EXTRACTED RECORDS:
· · · ·

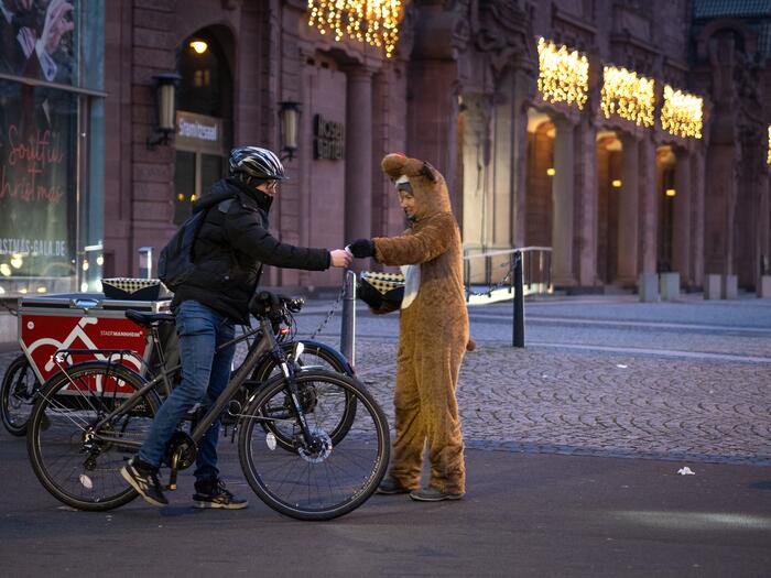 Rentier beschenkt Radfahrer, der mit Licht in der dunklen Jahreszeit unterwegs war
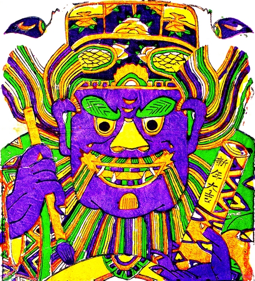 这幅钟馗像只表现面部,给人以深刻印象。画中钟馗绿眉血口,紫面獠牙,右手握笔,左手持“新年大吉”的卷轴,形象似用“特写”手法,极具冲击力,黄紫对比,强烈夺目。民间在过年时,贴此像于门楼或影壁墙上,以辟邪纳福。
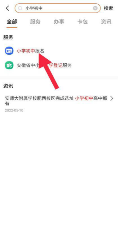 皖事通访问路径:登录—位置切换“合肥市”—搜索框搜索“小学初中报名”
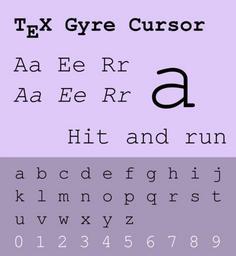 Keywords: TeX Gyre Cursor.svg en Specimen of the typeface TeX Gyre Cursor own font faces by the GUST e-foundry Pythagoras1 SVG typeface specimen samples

· · · ·

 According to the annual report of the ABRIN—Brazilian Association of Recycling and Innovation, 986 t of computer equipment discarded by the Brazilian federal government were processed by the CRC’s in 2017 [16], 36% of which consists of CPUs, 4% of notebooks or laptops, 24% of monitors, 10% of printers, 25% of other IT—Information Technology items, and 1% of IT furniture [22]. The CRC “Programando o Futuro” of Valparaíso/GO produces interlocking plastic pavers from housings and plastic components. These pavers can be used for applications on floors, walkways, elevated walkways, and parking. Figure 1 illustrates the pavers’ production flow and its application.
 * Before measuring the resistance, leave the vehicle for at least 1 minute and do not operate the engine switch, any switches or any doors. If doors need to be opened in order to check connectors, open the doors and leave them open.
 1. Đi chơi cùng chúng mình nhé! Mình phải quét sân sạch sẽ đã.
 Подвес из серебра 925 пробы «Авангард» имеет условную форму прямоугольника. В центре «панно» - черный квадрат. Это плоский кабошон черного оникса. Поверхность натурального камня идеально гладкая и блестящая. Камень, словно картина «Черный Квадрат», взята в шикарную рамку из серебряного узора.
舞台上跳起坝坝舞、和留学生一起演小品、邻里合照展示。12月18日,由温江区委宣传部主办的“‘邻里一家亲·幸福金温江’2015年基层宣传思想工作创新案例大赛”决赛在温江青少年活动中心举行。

· · · ·

From the material above, give again exactly the lines from the one that contains "这幅钟馗像只表现面部,给人以" through the one that contains "Keywords: TeX Gyre", and leave out the pictures.

 这幅钟馗像只表现面部,给人以深刻印象。画中钟馗绿眉血口,紫面獠牙,右手握笔,左手持“新年大吉”的卷轴,形象似用“特写”手法,极具冲击力,黄紫对比,强烈夺目。民间在过年时,贴此像于门楼或影壁墙上,以辟邪纳福。
 皖事通访问路径:登录—位置切换“合肥市”—搜索框搜索“小学初中报名”
 Keywords: TeX Gyre Cursor.svg en Specimen of the typeface TeX Gyre Cursor own font faces by the GUST e-foundry Pythagoras1 SVG typeface specimen samples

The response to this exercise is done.